23{335}
Черноволос и озаренно-розов,
твой образ вечно будет молодым,
но старюсь я, несбывшийся философ,
забытый враль и нищий нелюдим.
Ты древней расы, я из рода россов
и, хоть не мы историю творим,
стыжусь себя перед лицом твоим.
Не спорь. Молчи. Не задавай вопросов.
Мне стыд и боль раскраивают рот,
когда я вспомню все, чем мой народ
обидел твой. Не менее чем девять
веков легло меж нами. И мало —
загладить их — все лучшее мое.
И как мне быть? И что ты можешь сделать?
24{336}
В тебе семитов кровь туманней и напевней
земли, где мы с тобой ромашкой прорастем.

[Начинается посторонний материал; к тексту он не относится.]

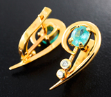 Золотые серьги с "неоновыми" параиба турмалинами 1,13 карата и бриллиантами!Магазин // Эксклюзив золото // Серьги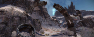 Fracture is the larger of the two Sever levels in Starhawk, and the most massive level in the game. Perhaps too massive, in fact; while the raw terrain size isn't much larger than Basin, the effective playable space is much larger, then spread further apart by bridges. This results in very low player density on all but the most packed servers.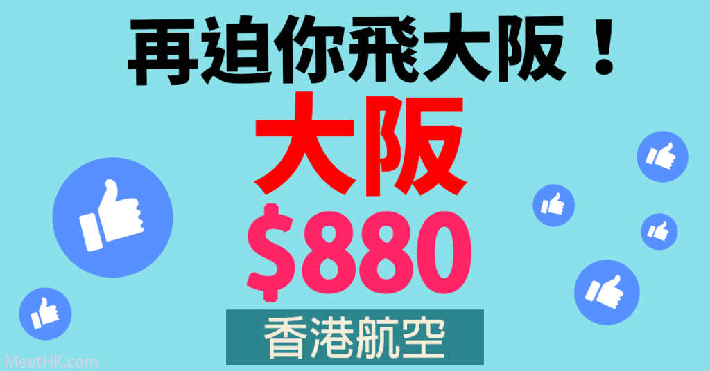 想平飛大阪!香港航空大阪平飛唔聲唔聲又減左幾十,兼且賣埋下年2月啦!$880飛大阪!

Душа твоя шуршит пергаментным листом.
Я тайные слова читаю на заре в ней.
Когда жила не здесь, а в Иудее древней,
ты всюду по пятам ходила за Христом,
волшбою всех тревог, весельем всех истом,
всей нежностью укрыв от разъяренных гребней.

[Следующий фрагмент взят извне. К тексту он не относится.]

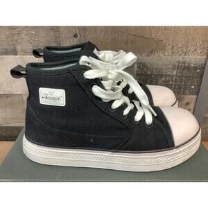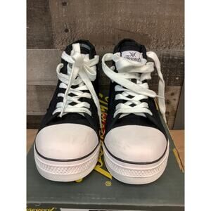 Thorogood Men's 6.5M Black White Canvas Mid Safety Toe Work Shoes Lace Up LB1-21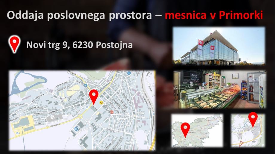 Oddamo poslovni prostor v Postojni. Maloprodajna enota se nahaja v trgovsko poslovnem centru »Primorka«, v centru mesta Postojna. V neposredni okolici so pomembne državne institucije kot so osnovna šola, vrtec, glavna avtobusna postaja, zdravstveni dom.

Когда ж он выдан был народному суду
и в муках умирал у черни на виду,
а лоб мальчишеский был терньями искусан,
прощаясь и скорбя, о как забились вдруг
проклятьем всех утрат, мученьем всех разлук
ладони-ласточки над распятым Иисусом.
25{337}
Ты снилась нам, но втайне разумелось,
что ты отрады легкой не сулишь.
Забывши долг, с душой не пошалишь.
Тебя любили, в ком своя имелась.
В тебе ж царит заманчивая тишь,
ты от зари незримой раскраснелась,
и жажду ласк, и чувственную смелость
ты под покровом робости таишь.
И суть твою дано вдыхать немногим,
жнецам мечты, пытливцам одиноким.
Я боль и смерть из рук твоих приму.
Твой образ нежен, жалостлив и скорбен,
как лик Христа. Я вырвал душу с корнем
из чуждых недр и с ней припал к Нему.
26{338}
Наш общий друг, прозрев с позавчера,
любовью древней возлюбил Россию.
Любви иной ничем не пересилю,
хоть ей еще не срок и не пора.
Отрину бремя левого ребра,
раздую жар и зрение расширю,
и все, что прожил, брошу морю синю,
коли в нем нет духовного добра.
Я с детских лет не чту родства по крови.
Когда ж гроза все зримей, все багровей,
я мерой взял твой свет и доброту.
Великий грех — равнять людей и нелюдь.
Я стану всех одной любовью мерить,
и только с ней я братьев обрету.
27{339}
И мы укрылись от сует мирских
в скитах любви, где нежность — настоятель,
где ты, прижавшись, в небе ли, в объятье ль,
плыла сквозь жар в завороженный стих…
Вот сон другой: мы были в мастерских
у Эрнста Неизвестного. Ваятель
был с нами прост, как давнишний приятель,
но Бог дышал в мироподобьях сих.
И здесь был дух деянию опорой.
Не знали мы, ни день, ни час который,
и вышли в мир с величием в крови.
А там Москва металась и вопила,
там жизнь текла, которой сроду было
не до искусства и не до любви.
28{340}
Эрнст Неизвестный, будь вам зло во благо!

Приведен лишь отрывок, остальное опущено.